Transformers have been described as the only most essential technological growth to NLP lately, however their processes stay largely opaque. This is an issue as a result of, as we proceed to make main machine studying developments, we will’t all the time clarify how or why– which may result in points like undetected mannequin bias, mannequin collapse, and different moral and reproducibility points. Especially as fashions are extra incessantly deployed to delicate areas like healthcare, regulation, finance, and safety, mannequin explainability is crucial.

Horizontal bar chart showing gender and race projections for different professions, as predicted by a Word2Vec model (pre-transformer)
Gender and race projections throughout professions, as calculated by Word2Vec. These discovered biases may have a wide range of unfavorable penalties relying on the appliance of such a mannequin. Image from Bias in NLP Embeddings by Simon Warchal.

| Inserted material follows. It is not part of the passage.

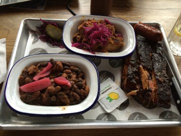 I chose a combination of pork spare ribs and pulled pork, with sides of pit beans and slaw. You can also see a sneaky hot link sausage in the picture that had crept on from somebody else’s tray.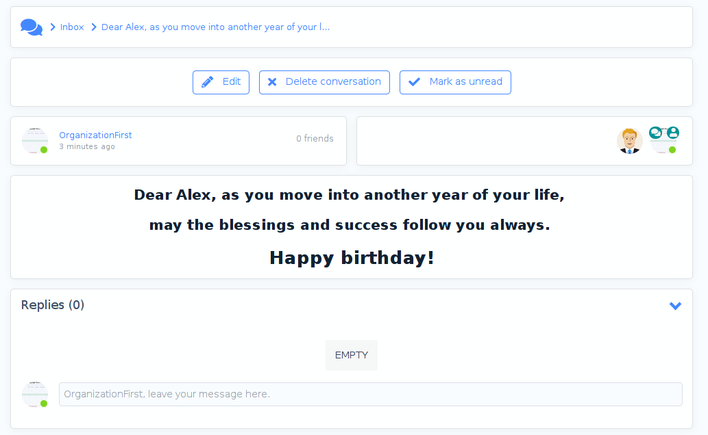 - Allows to send internal auitomated messages directly to the Conversations module.

BertViz is an open supply software that visualizes the eye mechanism of transformer fashions at a number of scales, together with model-level, consideration head-level, and neuron-level. But BertViz isn’t new. In truth, early variations of BertViz have been round since as early as 2017.

So, why are we nonetheless speaking about BertViz?

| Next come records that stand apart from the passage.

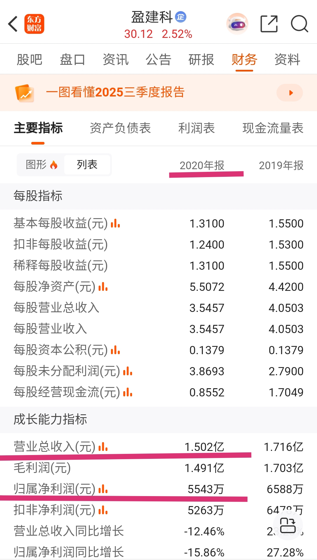 近五年的运营结果对照,广联达的发展和财务状况明显优于盈建科。营收比从2020年年报的26.66倍到2025年三季报的59.16倍,倍数系数增长了2.22。净利润比从2020年年报的5.96倍到2025年三季报的7.56倍,倍数系数增长了1.27。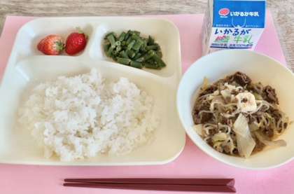 【ごはん、すき焼き煮、さんどまめのごまあえ、いちご、牛乳】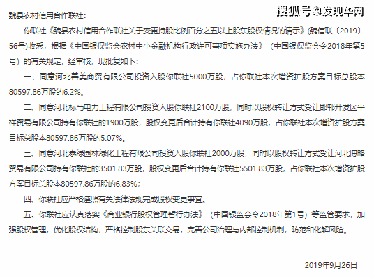 值得注意的是,魏县农村信用合作联社请示邯郸银保监分局,请求变更河北泰绿园林绿化工程有限公司、河北善美商贸有限公司、河北标马电力工程有限公司等持股比例百分之五以上股东,于2019年9月26日获核准。监管要求,魏县联社应认真落实《商业银行股权管理暂行办法》监管要求,加强股权管理,严格控制股东关联交易,防范和化解风险。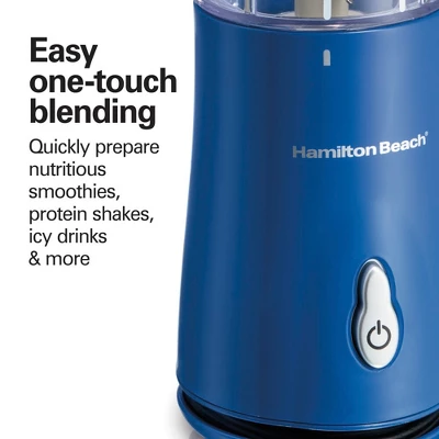 Making your morning smoothie just got easier with the Hamilton Beach Single Serve Blender. This compact blender is ready to whip up shakes, smoothies, salad dressings and more. A single button makes blending easy, while the 14-ounce blending jar transforms into a travel cup with an included drinking lid. The jar and lid are dishwasher safe, the stainless steel blades are sturdy and durable, and a hideaway cord makes storage a cinch.

BertViz is an explainability software in a subject (NLP) that’s in any other case notoriously opaque. And, regardless of its identify, BertViz doesn’t solely work on BERT. The BertViz API helps many transformer language fashions, together with the GPT household of fashions, T5, and most HuggingFace fashions.

BertViz visualization in the Comet UI for two different types of transformer models: an encoder-only distilbert transformer for question-answering and a decoder-only gpt-2 transformer for text generation
Despite its identify, BertViz helps all kinds of fashions. On the left, we visualize a question-answering process utilizing an encoder-only mannequin, and on the precise, a textual content technology process utilizing a decoder-only mannequin. GIF by writer.

As transformer architectures have more and more dominated the machine studying panorama lately, they’ve additionally revived an outdated however essential debate concerning interpretability and transparency in AI. So, whereas BertViz will not be new, its utility as an explainability software within the AI area is extra related now than ever.

To clarify BertViz, it helps to have a fundamental understanding of transformers and self-attention. If you’re already conversant in these ideas, be happy to skip forward to the part the place we begin coding.

We gained’t go into the nitty gritty particulars of transformers right here, as that’s a little bit past the scope of this text, however we are going to cowl a few of the fundamentals. I additionally encourage you to take a look at the extra sources on the finish of the article.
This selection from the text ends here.